Potential recovery of metal from plants: a combined XRD-Thermal study on Juncus acuts

In the Arburese mine district (SW Sardinia, Italy), centuries of mine exploitation addressed to the extraction of Zn and Pb from sulphides and non-sulphides (calamine) deposits, left a widespread metal pollution. The Juncus acutus, a halophyte pioneer plant, was able to adapt in this extreme environment and to affect metal mobility thanks to its capacity to stabilize them in the external roots and rhizosphere. A method for evaluating the potential of reuse of biomasses for economic purposes is here presented starting from the specific case study of Juncus acutus. For this purpose, plants and rhizospheres, collected from the banks of two streams (Rio Naracauli and Rio Irvi) impacted by past mining activity, were used to perform Thermogravimetry and Differential Thermal analyses combined with X-ray Diffraction (XRD) carried out on raw samples and on samples heated ex-situ (by a conventional diffractometer) or in-situ (by synchrotron-based diffraction). Results showed the presence of mainly quartz, phyllosilicates, and feldspars with minor amounts of sulphides, sulphates, and Fe, Pb, and Zn carbonates concentrated in the rhizosphere of raw samples. The mineral phases, Zn and Fe oxides and willemite, detected in internal roots and stems samples after heating, indicated the presence of metals in the plant tissues.

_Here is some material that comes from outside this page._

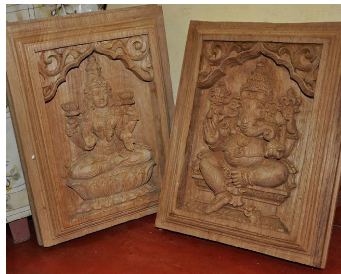
Panels in Goddess Lakshmi and lord Ganesha.

The ex-situ heating was found to be useful in determining the occurrence of metal-bearing phases in plants especially if combined with thermal analyses in order to reveal the temperature stages at which the significant reactions occur. Despite the high resolution proper of a synchrotron light source, the in-situ heating resulted less effective in revealing minor phases in organic samples, maybe due to the scarcity of oxygen within the sample holder that avoid sulphides oxidation and the degradation of organic compounds (Fancello et al., 2019). This method, if further developed, could be a useful tool in different application fields. The recognition of metals in plant tissues, and the mineralogical form in which they transform after thermal treatment, is an essential information for phytomining by hyperaccumulator plants. Likewise, biochar production from vegetal masses would benefit from the knowledge of the mineral assemblage attainable under different thermal conditions, to find the optimum temperature.